This is a read-only snapshot of the ComputerCraft forums, taken in April 2020.
nothign's profile picture

Efficiency and Tokenizing strings

Started by nothign, 26 June 2013 - 02:25 PM
nothign #1
Posted 26 June 2013 - 04:25 PM
Title: Efficiency and Tokenizing strings

I've written some prototypes and methods to split a string into tokens, then color them if they're comments, numbers, strings or they match predefined strings.
I'm writing it for an in-game editor.
All the code works fine, and as intended.

But I'm new to lua, so my question here is; Is there a better way to do this? Can I make my code more efficient?

I've written what I've done up in a separate file so it contains only what it needs, and can be run to see the results.
Note: an advance terminal is needed. Otherwise it serializes the results to a file "tableSaved"

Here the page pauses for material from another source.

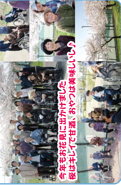
今年もお花見に出かけました 桜はキレイで甘酒、おやつは美味しい!

The code can be found here:
http://pastebin.com/ZKKKLwb5
Cranium #2
Posted 26 June 2013 - 06:00 PM
Split to new topic.
GopherAtl #3
Posted 26 June 2013 - 09:35 PM
lua patterns could probably help make this more efficient; you can learn about lua's patterns (which are quite similar to, but ultimately not, regular expressions) from the lua reference manual, or if you're more comfortable with it, you can check out this tutorial by 1lann.
nothign #4
Posted 27 June 2013 - 02:44 AM
I implemented a solution using patterns and timed it running vs my original and its much faster. Often over two times as fast. So that's great.

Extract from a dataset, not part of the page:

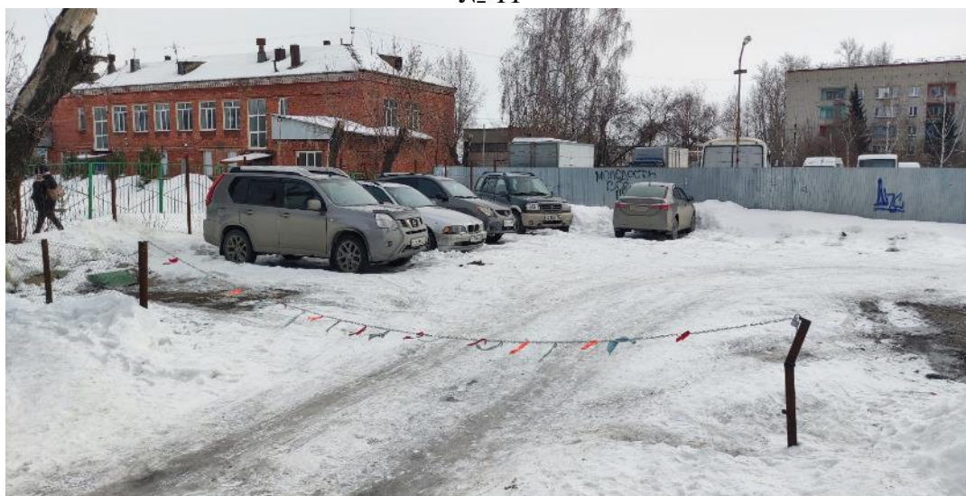
г. Омск, Ленинский АО, в 15-20 м. юго-восточнее многоквартирного дома № 91 по ул. Демьяна Бедного

Buuuuut I could not find on the internet anywhere or create myself a pattern that matches strings very well. That is to say.. double quote/single quote pairs, taking into account escapes.

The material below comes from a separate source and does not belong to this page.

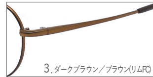
3. ダークブラウン/ブラウン(リムFC)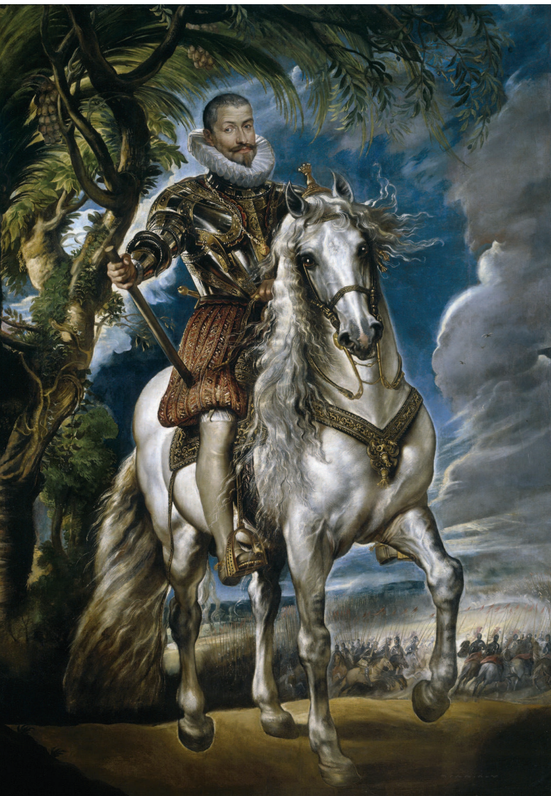
«Конный портрет герцога Лерма», около 1603, холст, масло. Национальный музей Прадо, Мадрид

What I've done is here http://pastebin.com/e4Qqahzv

Or if that's too much to look at then the specific pattern I'm using to match strings is

"^\".*[^\\]?\""

Running the original method with this string

"local test = \"\\\"\"..(17 + 47 + tonumber(\"932\"))..\"\\\" is my number!\" --and this is my comment!"
Returns these strings (others omitted)

"\"\\\"\""    ".."   "("   "17"   " "   "+"   " "   "47"   " "   "+"   " "   "tonumber"   "("   "\"932\""   ")"   ")"   ".."   "\"\\\" is my number!\""
While running the string through the pattern based method returns this string in that specific area

"\"\\\"\"..(17 + 47 + tonumber(\"932\"))..\"\\\"
GopherAtl #5
Posted 27 June 2013 - 03:52 AM
I'm afraid if there's a way to properly match quoted strings that allows for escaped quotes and empty strings with a single lua pattern, I have never found it, so you may have to fall back on a more manual approach there, or at least do a series of pattern matches. The only way I can think of to avoid stopping and checking for a \ before each " after the first is to first do a sub, where you replace all \" and \' with some other patterns, then match strings, then reverse the substitution, but any speed benefit may be lost by that point.

If you do come up with a single pattern to correctly match these in a single pass, be sure to share it, I'd be very interested to see it!